**REQUIRED WORK:**
Repeat verbatim, and only, the lines of the data below, beginning at the line that contains "1 LINK Video" and stopping after the line that contains "White leather lace".

**RECORDED DATA:**

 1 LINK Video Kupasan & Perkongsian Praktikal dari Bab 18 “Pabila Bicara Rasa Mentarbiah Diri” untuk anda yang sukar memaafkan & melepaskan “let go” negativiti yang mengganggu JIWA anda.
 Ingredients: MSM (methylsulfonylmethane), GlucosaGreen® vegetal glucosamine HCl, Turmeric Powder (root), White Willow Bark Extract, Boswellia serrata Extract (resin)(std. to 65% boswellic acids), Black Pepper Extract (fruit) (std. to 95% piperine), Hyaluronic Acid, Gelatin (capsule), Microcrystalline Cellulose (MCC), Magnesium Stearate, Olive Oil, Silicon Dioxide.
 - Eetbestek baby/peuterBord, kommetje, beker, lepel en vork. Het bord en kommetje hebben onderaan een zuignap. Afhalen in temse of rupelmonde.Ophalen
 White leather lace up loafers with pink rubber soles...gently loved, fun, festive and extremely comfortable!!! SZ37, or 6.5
---
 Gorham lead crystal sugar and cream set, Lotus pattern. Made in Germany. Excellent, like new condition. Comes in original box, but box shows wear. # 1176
* * *
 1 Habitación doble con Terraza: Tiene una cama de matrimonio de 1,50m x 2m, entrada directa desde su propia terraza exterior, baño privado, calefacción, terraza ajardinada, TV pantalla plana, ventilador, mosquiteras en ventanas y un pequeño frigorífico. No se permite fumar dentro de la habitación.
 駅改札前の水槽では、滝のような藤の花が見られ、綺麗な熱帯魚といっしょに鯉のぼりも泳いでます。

**EXERCISE RESPONSE:**
 1 LINK Video Kupasan & Perkongsian Praktikal dari Bab 18 “Pabila Bicara Rasa Mentarbiah Diri” untuk anda yang sukar memaafkan & melepaskan “let go” negativiti yang mengganggu JIWA anda.
 Ingredients: MSM (methylsulfonylmethane), GlucosaGreen® vegetal glucosamine HCl, Turmeric Powder (root), White Willow Bark Extract, Boswellia serrata Extract (resin)(std. to 65% boswellic acids), Black Pepper Extract (fruit) (std. to 95% piperine), Hyaluronic Acid, Gelatin (capsule), Microcrystalline Cellulose (MCC), Magnesium Stearate, Olive Oil, Silicon Dioxide.
 - Eetbestek baby/peuterBord, kommetje, beker, lepel en vork. Het bord en kommetje hebben onderaan een zuignap. Afhalen in temse of rupelmonde.Ophalen
 White leather lace up loafers with pink rubber soles...gently loved, fun, festive and extremely comfortable!!! SZ37, or 6.5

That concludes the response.